Former proposed design for a crewed spacecraft for low Earth orbit operations

Crew Space Transportation System (CSTS), originally Advanced Crew Transportation System (ACTS), was a proposed design for a crewed spacecraft for low Earth orbit operations such as servicing the International Space Station, but also capable of exploration of the Moon and beyond. It was a joint project between the European Space Agency (ESA) and the Russian Federal Space Agency (Federal'noye kosmicheskoye agentstvo Rossii – FKA).

The project was conceived as a basic strategic plan to keep a viable European human spaceflight program alive after the US space agency NASA declined the ESA’s request to participate in the American Orion spacecraft project. Meanwhile the ESA had been in talks with the FKA aimed at the two organisations collaborating on the development of Kliper, which was to be a replacement for Russia’s venerable Soyuz spacecraft. After NASA’s decision, in mid-2006 the FKA and ESA agreed to cooperate on the ACTS, with funding limited to a feasibility study for a launch of an actual vehicle possible no earlier than 2017; the name of the proposed vehicle was then changed from Advanced Crew Transportation System to Crew Space Transportation System. The study phase of ACTS/CSTS was completed and submitted to a conference in November 2008 of ESA member states. As no further funding was allocated at the conference, the project was shut down. The ESA decided to develop the upgraded crewed version of ATV. In mid-2009 EADS Astrium was awarded a €21 million study to design the crewed vehicle.

When a plan for a crewed version of the ESA’s Automated Transfer Vehicle (ATV) cargo spacecraft was announced a few months before the decision to shut down the CSTS project was made, the head of the ESA denied that it was an alternative to the CSTS, saying there were ongoing talks as to whether to continue funding the CSTS project.

In 2009, Russia decided it would proceed with developing a version of the original design of the CSTS, which became the Orel spacecraft.

In early 2013, the ESA and NASA began cooperation on developing the European Service Module for the current version of the Orion spacecraft. This cast previous ESA efforts concerning a crewed derivative of the ATV spacecraft into uncertainty. As of summer 2015, no known new developments on the ACTS/CSTS project had been disclosed to the public.

== Background ==
=== ACTS as an answer to the Orion ===
In 2004, U.S. President George W. Bush announced the Vision for Space Exploration, a program that included the United States’ return to the Moon by 2020 and a crewed mission to Mars by 2030. For these purposes the Crew Exploration Vehicle (CEV) was to be developed (the CEV was a competitive design assessment process, the outcome of which was the Orion spacecraft). European Space Agency (ESA) officials inquired whether they could be part of this program for exploration, however received a negative response. In May 2006, the ESA's General Director Jean-Jacques Dordain stated with regard to this rejection by NASA, "I have been told by Mike Griffin and [John] Marburger that the CEV is not for international cooperation. But if Europe is not involved in the next-generation transportation systems, we will stay forever a second-class partner."

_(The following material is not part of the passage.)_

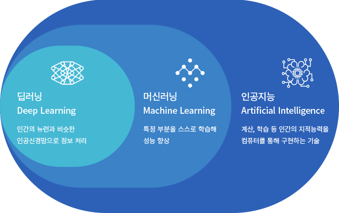 딥러닝(deep learning)은 더욱 고도화된 머신러닝 방법으로 사진과 같은 고차원 데이터에서 기계 스스로 패턴을 알아낼 수 있다는 장점이 있다. 예를 들면, 개와 고양이를 분류할 때 기존 머신러닝은 일반적으로 귀, 코, 입, 발 모양 등 개와 고양이를 구별할 수 있는 큰 특징을 뽑아 적은 수의 변수로 만들어 학습시키고, 딥러닝은 많은 픽셀로 구성된 개와 고양이 사진 자체를 학습시켜서 진행합니다.

In a July 2006 interview with New Scientist, NASA Administrator Michael Griffin however suggested interest in international cooperation in the general context of NASA's Moon exploration plans. "The US will return to the Moon but we think we will do it better, that it will be more rewarding for all, if it [sic] can do it in the company of as many of our ISS partners as we can, and with new partners." In this statement Griffin spoke of general cooperation, not a specific cooperative effort in developing the Orion, the actual vehicle to be used for Moon missions, which would be an entirely American built spacecraft.

=== Cooperation with Russia ===
Since 2004, the ESA had been in talks with the Russian Federal Space Agency (FKA) on cooperation for the development of Kliper, the Russian successor project to the Soyuz spacecraft, which had been in service since 1967 (and as of 2026 remains in service). While the ESA's management was enthusiastic about this cooperation, their member states turned down funding for a design and collaboration study in December 2005, mainly because certain member states felt that the ESA would just be a minor industrial contributor to the program, while Russia would actually develop and design the Kliper spacecraft.

On the Russian side, the concept of Advanced Crew Transportation System, ACTS, conceived as a sort of "Euro-Soyuz", emerged during 2006, when Russian authorities realized that their proposal to replace the Soyuz with the Kliper was too ambitious in terms of funding.

After the December 2005 rejection of Kliper by the ESA, Jean-Jacques Dordain emphasized that a collaboration with Russia on a new spacecraft could still be decided in June 2006. This rejection by the ESA notwithstanding, Kliper was a Russian program that could still have been funded entirely by the FKA – although this was unlikely if Russia and Europe would really have gone forward with the ACTS concept together.

==Study==
On 13 June 2006 the press reported that the winged Kliper project had been replaced by a study, that the ESA would fund, to develop a capsule under the Advanced Crew Transportation System program.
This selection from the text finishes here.